Ralph Waldo Emerson: People only see what they are prepared to see.

The holidays are a fantastic time of year because I go home to Vermont and smell the house and see my family and hear their laughs. I watch them beat each other up in greeting and say, “So! What’s up?” We sometimes talk about things that make us sad, but happy in our shared communication. I try my best to be funny and make my brothers and sisters laugh. When they do, I always feel good. It’s a child’s cry inside me to get good attention. To be funny. To act as if it comes naturally. To see people smile because of me. Inevitably however, and mostly on Thanksgiving, I bring myself to laughing-tears because I realize how unsuccessful I am at being truly funny. We are all laughing more at my attempt than the joke. In that way, they are laughing at me. I am funny. It’s like looking into a mirror. I try to make funny faces in the mirror, and while the image sticks there and my own face goes slack, it’s the slack face they laugh at. They can see me trying. It’s the trying that’s funny. I think that’s funny. Funny funny funny.

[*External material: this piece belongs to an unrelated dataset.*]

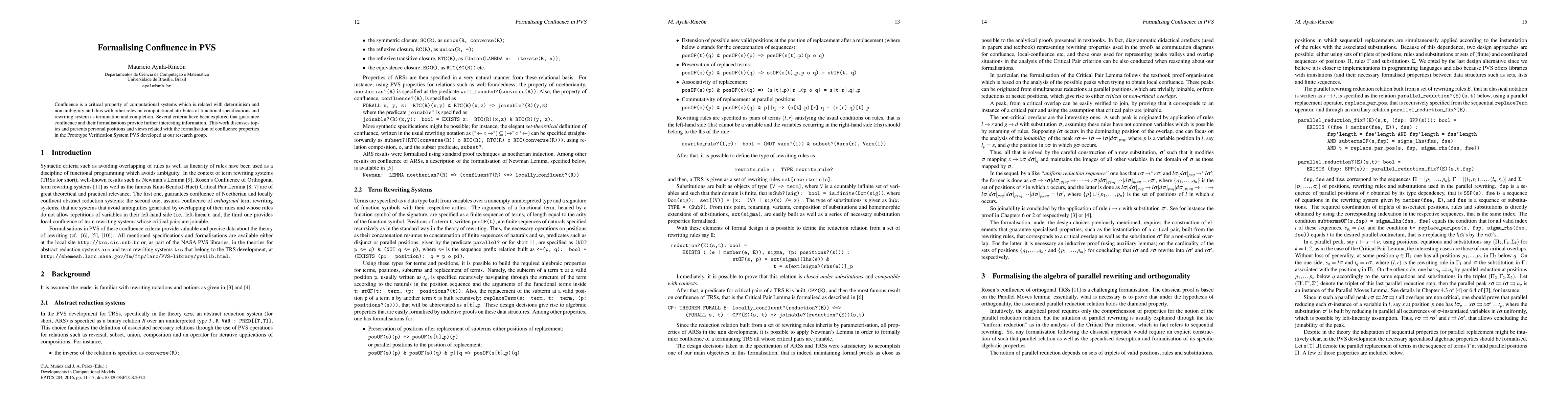 This paper explores the formalisation of confluence properties in computational systems using the Prototype Verification System (PVS), focusing on how confluence relates to determinism, termination, and completion. The authors present their research group's perspectives on criteria that guarantee confluence.

But then there’s the other. The infamous other. The part of the holidays I can’t endure but must every year. The stress of figuring out who I will see; wondering who I want to see. Listening to the arguing, the feelings being hurt, the anger, the selfishness, the reaching out, the insincere sincerity. I can’t take this anymore. It’s too much. I want it to just all end; just shut up already. It’s obvious to me that I can’t fix anything. If you call me because you’re pissed off at somebody and don’t want me to think badly of you but of the other person—hang up! You’re all my family and I’m so SICK of listening to each sister talk bad about the other and I’m sick of hearing my mother talk bad about each daughter, including me. Isn’t it time we all grew up?

My youngest sister calls me last night to tell me: “I heard the version that JPR gave Mom so I’m assuming you got it too. It’s not entirely accurate so call me back.” So I called her back to let her know that while said incident was “going down,” JPR had me on the phone. Since they were all screaming every word, I heard them and therefore: I’m pretty sure it can’t get much more accurate than that.

To boil it down, LR told me she did not agree with her boyfriend that JPR was speaking to her because LR suddenly came into some money. Fact is, JPR was mad at LR for not supporting her when my mother wanted JPR kicked out of the house. At some point, LR offered to braid JPR’s hair, and JPR took that as a peace offering, a sign that she really did care about her. LR’s boyfriend didn’t agree. When LR was passing her boyfriend’s theory along to me, I asked her if she believed JPR was really that shallow. She said she doesn’t, “I just think it’s interesting.” I told her it sounded like she agreed, and I expressed that I hoped she did not. We’re family. You can’t stay mad forever. “She has to live with you, LR. She probably just wanted to get along. It’s easier to live with each other that way.” She became angry with me when I told her how angry and pissed off she sounded expressing her boyfriend’s theory. I told her I believed she believed him, judging by her tone and her repeated “I just think it’s interesting” response. Her response was: “Well, I’m really sorry you feel that way. I’m sad to hear that.”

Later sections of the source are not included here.